А спустя несколько дней, за воскресным бриджем, он с горечью зачитал еще два письма Бунина. Первое — от 1943 года, в ответ на бедную посылку, которую отправил на голодную Ривьеру в Жан-ле-Пень из Парижа, где все-таки еще можно было наскрести кой-какие продукты.

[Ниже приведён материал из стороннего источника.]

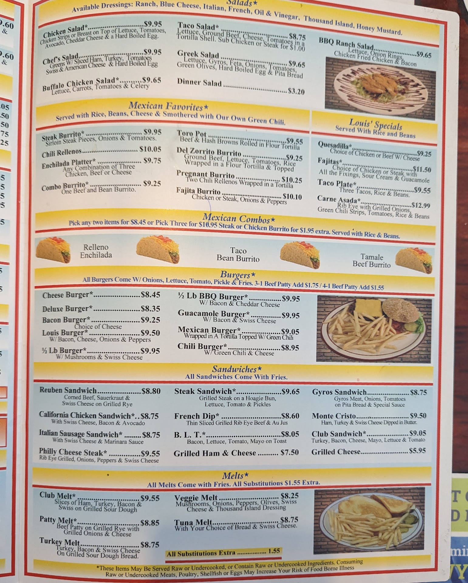 Louis' Diner opens daily, 6:00 am to 3:00 pm. They serve breakfast and lunch items. These include: breakfast burritos, omelettes, biscuits and gravy, meat and eggs, chicken fried steak, chicken fried chicken, pancakes, waffles, french toast, all types of skillets, soups, chilis, salads, sandwiches, hamburgers, melts, Mexican entrees, pork chops, and a Kids' menu. There is so much more as well.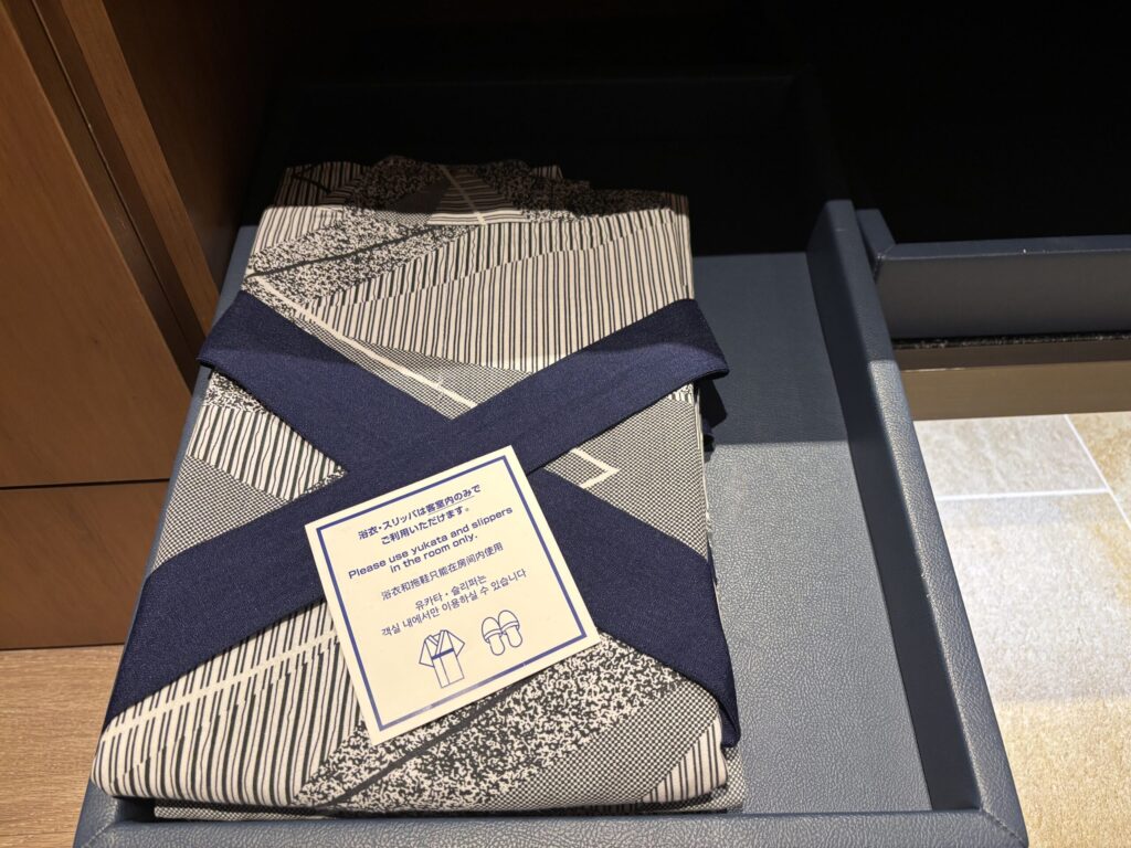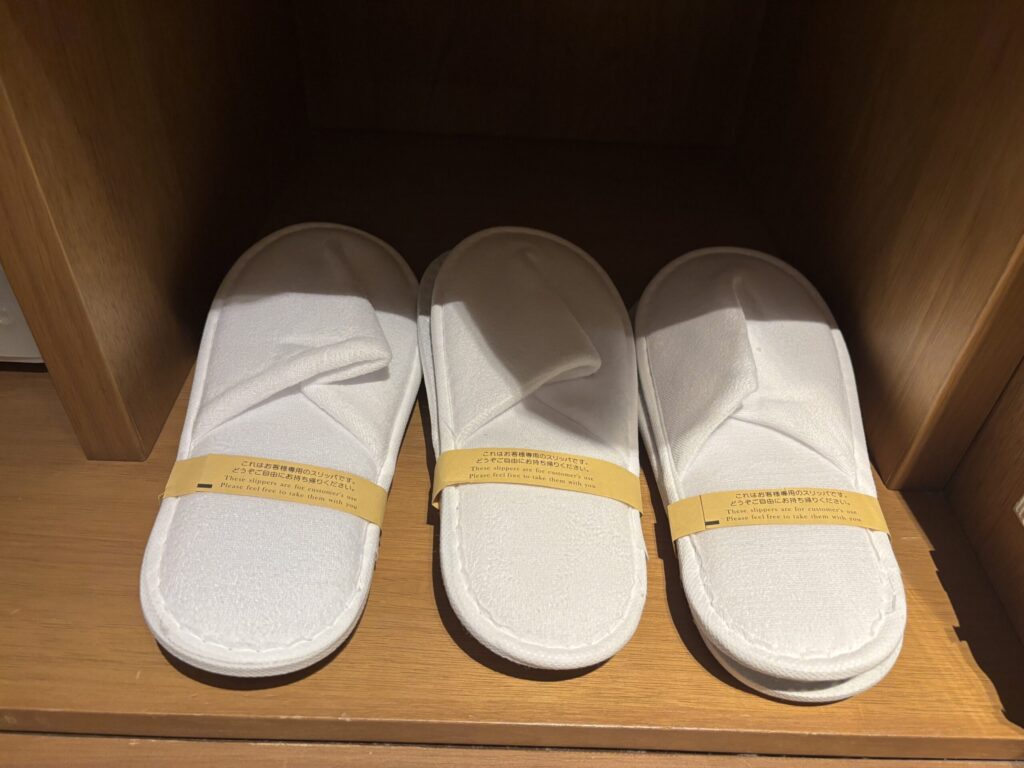 浴衣、スリッパが用意されていました。浴衣とスリッパは室内のみとの注意書きが。スパ施設などに行く時は私服と靴で行かないといけないようで、これは少し不便に感じました。(真冬で私や娘はブーツだったので...)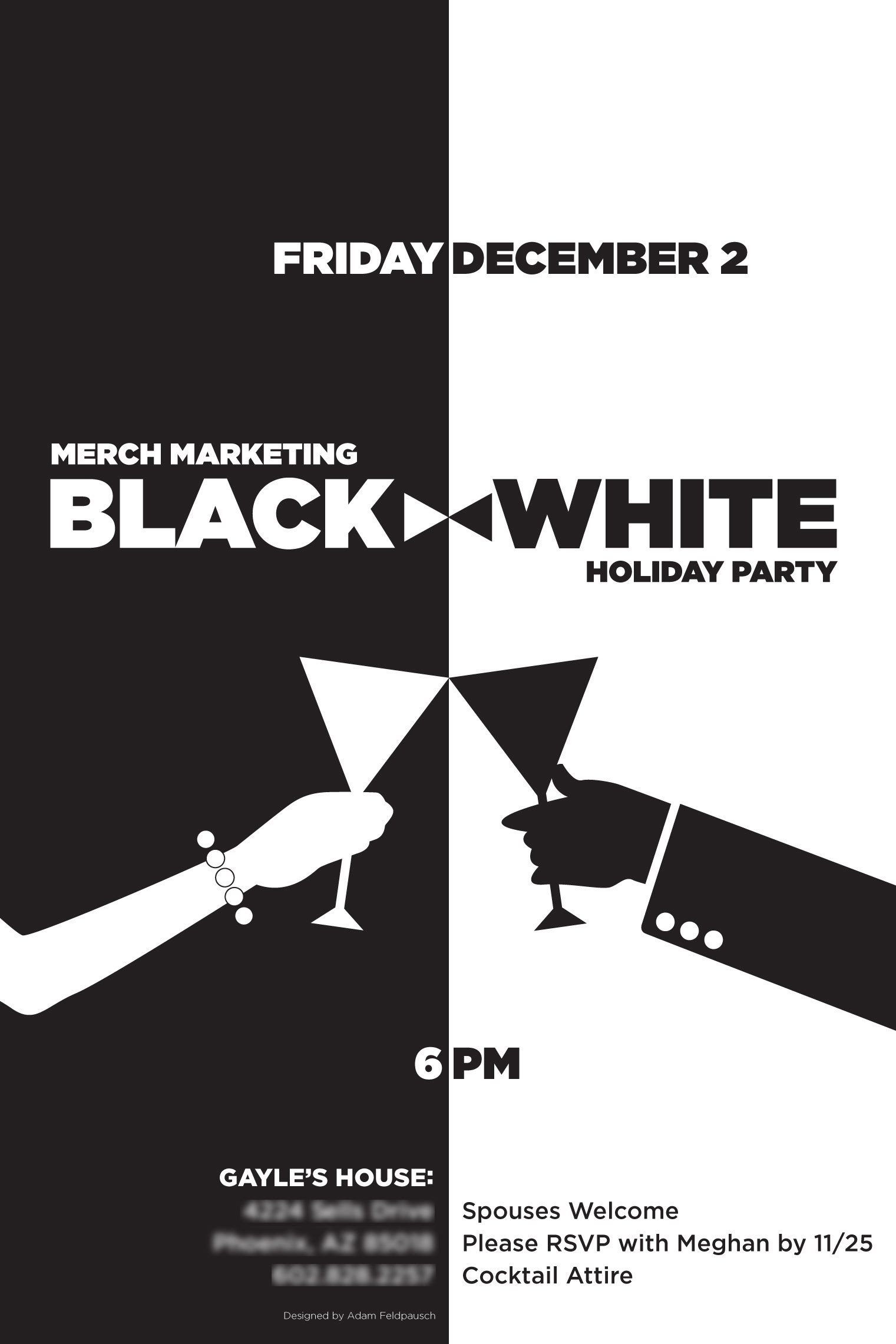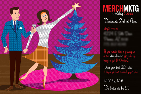 MerchMktg Holiday Soiree invitation, inspired by the 60's world of Mad Men.

En pusse 12.3.43. Grasse, а. т.
Милый старый друг, дня три тому назад послал Вам благодарственную карточку по-французски, теперь еще раз благодарю по-русски — не знаю, можно ли так писать от нас, дойдет ли это письмо, пожалуйста, черкните, если получите. Вы меня действительно страшно тронули и своей карточкой и посылкой, в которой оказались вещи давно, давно мной забытые, потрясающе вкусные (а мундирчик штучкой умилительной). Боюсь только, что эта посылка влетела Вам в копеечку, а богатством Вы, вероятно, и теперь не отличаетесь. Не знаю, как и чем вы живете, где работаете, но повторяю, мысли мои таковы, что живете вы очень не легко, напишите, что Вы делаете, равно как и про все на счет себя — и про общих друзей и приятелей в том числе. Что до нашей жизни, то Вы ее, думаю, в общем представляете по тем нескольким словам, которые я писал и этим общим друзьям и приятелям: угнетающее однообразие, бездельность, безнадеянность, страшное одиночество, скука, мучительный зимний холод, презренное, тошнотворное, архинищенское питание — на худобу В. Н. просто страшно смотреть, да я просто стыжусь смотреть на себя, раздеваясь, а к этому надо прибавить еще и то, что за последний год здоровье мое очень пошатнулось, — укатали сивку крутые горки — ив прямом и переносном смысле, — про нищету же и говорить нечего, выбиваюсь из последних сил, начал уже кое-что распродавать из вещичек — ведь теперь уже и думать нечего получить что-нибудь от моих иностранных издателей, от которых еще год назад кое-что все-таки перепадало. Что еще сказать? Живем вчетвером — Бутов и еще один бездомный молодой человек (сорока лет). Ляля и Олечка уже скоро два года в своих краях — прежде погибали на своей ферме, теперь погибают — истинно погибают — в Монтобарт, а где Жиров, я не знаю, где-то на Севере и присылает им совершенные гроши. Уже почти год как не живут с ними и Г. Н. со своей стервой, — живут в Саппет, — на содержании одной сумасшедшей старухи, с которой я их познакомил и на плечи которой они сели весьма прочно, описав ей в страшнейших чертах свою жизнь у нас. Ну вот и все пока, дорогой мой. Страшно желал бы и я увидеть Вас и поговорить по-настоящему. Крепко целую.
Ваш Ив. Б.
Рощин оглядел присутствующих, те сидели потрясенные, на глазах у женщин были слезы… Страшная судьба эмигранта, великого писателя России, хватала за сердце…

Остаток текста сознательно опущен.